In the May 2019 issue of International Tanka (#5, pages 42–44), Kika L. Hotta reviewed Hands Across the Water, Steve Wilkinson’s special issue of The Bamboo Hut focusing on collaborative short-form poetry, especially tanka sequences, rengay, and other collaborations. It is not clear to me why Hands Across the Water would have been reviewed in a tanka journal, but this probably happened because the book contains many tanka sequences, and perhaps because rengay have appeared in other tanka journals, especially Skylark. The review refers to the book’s various sequences as “series,” which is not a term I would use. It is also not correct to list the term “renga” immediately after the mention of “rengay,” as if “renga” explains what “rengay” is. Rengay is deliberately not renga or renku, because of its thematic requirement and its limit of six verses, among other characteristics. Nevertheless, it is interesting to see rengay interpreted in the context of renga and renku, especially regarding the concept of rinne (the repetition of particular topics), which is usually not allowed in renga but is deliberately required in rengay. Specifically, the reviewer writes the following:


However, one thing to keep in mind when reading these series or poetic exchanges is that, without any exception, even including “King’s Books” by Westenhaver, Shea, Welch, Shrode, Ketcham, and Sakai, which is indicated as a “rengay” (renga), they are different from ordinary renga, in that rinne (meaning “reincarnation” in Japanese), or reversion to already-presented imageries and items, is not prohibited.

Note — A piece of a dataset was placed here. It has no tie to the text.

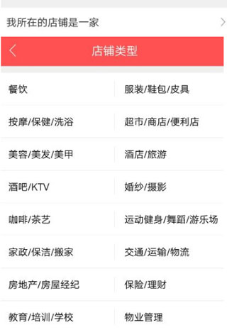 4、然后點擊“我所在的店鋪是一家”選項選擇店鋪的類型。

The reviewer then gives an example of a tanka sequence in which all the poems are about birds, thus nothing to do with renga (as is the case with rengay). A paragraph later, Hotta adds the following comments:


“King’s Books” is self-styled as a “rengay” (renga), but is also not free of rinne. In fact, the series is entirely about books. However, this series tries to come close to Japanese renga in that three-line poems and two-line poems appear in alternating manner; in Japanese renga, three-part-575-form poems and two-part-77-form poems appear in alternating manner. Moreover, the poets attach only their first names to their individual contributions, just like Japanese renga.


The review quotes the “King’s Books” rengay in its entirety, and also says that “Many of the series contained in Hands Across the Water are rich in poesy and filled with sparks of inspirations and challenges from stanza-like poems igniting each other.”

While it may be true that renga verses are presented with just the first name or pen name of the poet in Japanese renga, that is not actually what happened in the presentation of “King’s Books.” As shown above, full names were given at the top, after the title, and first names were listed next to each verse, using only the first name because the full names had already been presented. Thus we were not at all trying to use “first names only” in any kind of Japanese tradition. Nor were we trying to “come close to Japanese renga” by alternating three-line and two-line poems but were instead following one of the well-established patterns (for two, three, or six writers) in the independent rengay form, even though these patterns were originally inspired, at least partly, by renga and renku.